The year, month, and day columns in the dataset appear to be in an unconventional format. We will need to undertake some fundamental data cleaning on the [time](https://pandas.pydata.org/docs/user_guide/timeseries.html). While more advanced data cleaning techniques will be covered in class, we will focus on basic cleaning for now.

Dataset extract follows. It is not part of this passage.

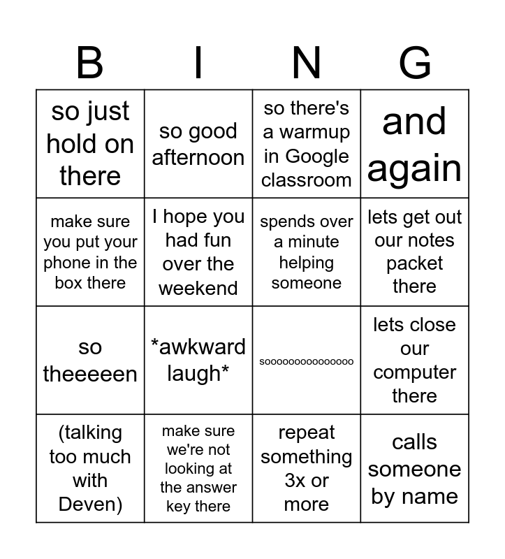 This bingo card has 16 words: make sure we're not looking at the answer key there, lets close our computer there, so there's a warmup in Google classroom, so just hold on there, so theeeeen, so good afternoon, sooooooooooooooo, repeat something 3x or more, make sure you put your phone in the box there, I hope you had fun over the weekend, (talking too much with Deven), and again, *awkward laugh*, lets get out our notes packet there, spends over a minute helping someone and calls someone by name.

**We need to have only ONE column called** "***date***" **that contains the full date (YYYY-MM-DD), not separated into three columns.**

***Ensure that there are no floating-point values in the date and sort the data from the most recent to the least recent.***

***Remove the old columns and place the new column next to the 'id' column.***


**YOU MAY USE MULTIPLE LINES OF CODE, BUT CAN'T USE LOOPS.**
**Note:** It is alright to have only a **maximum of 12 NaT (Not a Time)s** for some dates that often go further back than the 1600s because the datetime module in Pandas has a limit (unless otherwise guided).

In [62]:
new_df[['year','month','day']]

Unnamed: 0,year,month,day
0,1169,2.0,4.0
3,1888,3.0,13.0
5,1832,11.0,1.0
6,1977,1.0,10.0
8,1779,8.0,8.0
10,1907,8.0,4.0
11,1905,3.0,10.0
12,1986,7.0,24.0
13,1536,3.0,23.0
14,1904,2.0,25.0


In [103]:
t1 = pd.to_datetime(new_df.year,format = '%Y',errors = 'coerce').dt.strftime('%Y')
t2 = pd.to_datetime(new_df.month,format = '%m',errors = 'coerce').dt.strftime('%m')
t3 = pd.to_datetime(new_df.day,format = '%d',errors = 'coerce').dt.strftime('%d')

newDate = pd.to_datetime({'year': t1,'month': t2,'day': t3})


new_df.drop(labels = ['year','month','day'],axis=1,inplace=True)
new_df.insert(loc = 1,column  = 'date', value = newDate).sort_values(by='date')

In [105]:
new_df.head()

Unnamed: 0,id,date,tsunamiEventId,earthquakeEventId,volcanoLocationId,volcanoLocationNewNum,name,country,elevation,morphology,deathsTotal,vei,deaths,totalDeaths
0,1,NaT,2852.0,421.0,10106,211060,Etna,Italy,3357,Stratovolcano,16000.0,,,16000.0
1,4,1888-03-13,1175.0,,50107,251070,Ritter Island,Papua New Guinea,75,Stratovolcano,,2.0,,
2,6,1832-11-01,,,10106,211060,Etna,Italy,3357,Stratovolcano,,2.0,,
3,7,1977-01-10,,,20303,223030,Nyiragongo,"Congo, DRC",3470,Stratovolcano,,1.0,,
4,9,1779-08-08,,,10102,211020,Vesuvius,Italy,1281,Complex volcano,,2.0,,


### **Part 2: Volcanic Matryoshkas  (20 POINTS TOTAL)**

Now, that most of the data has been tidied up. We will organize the data into more sizable pieces of information in order to extract useful information.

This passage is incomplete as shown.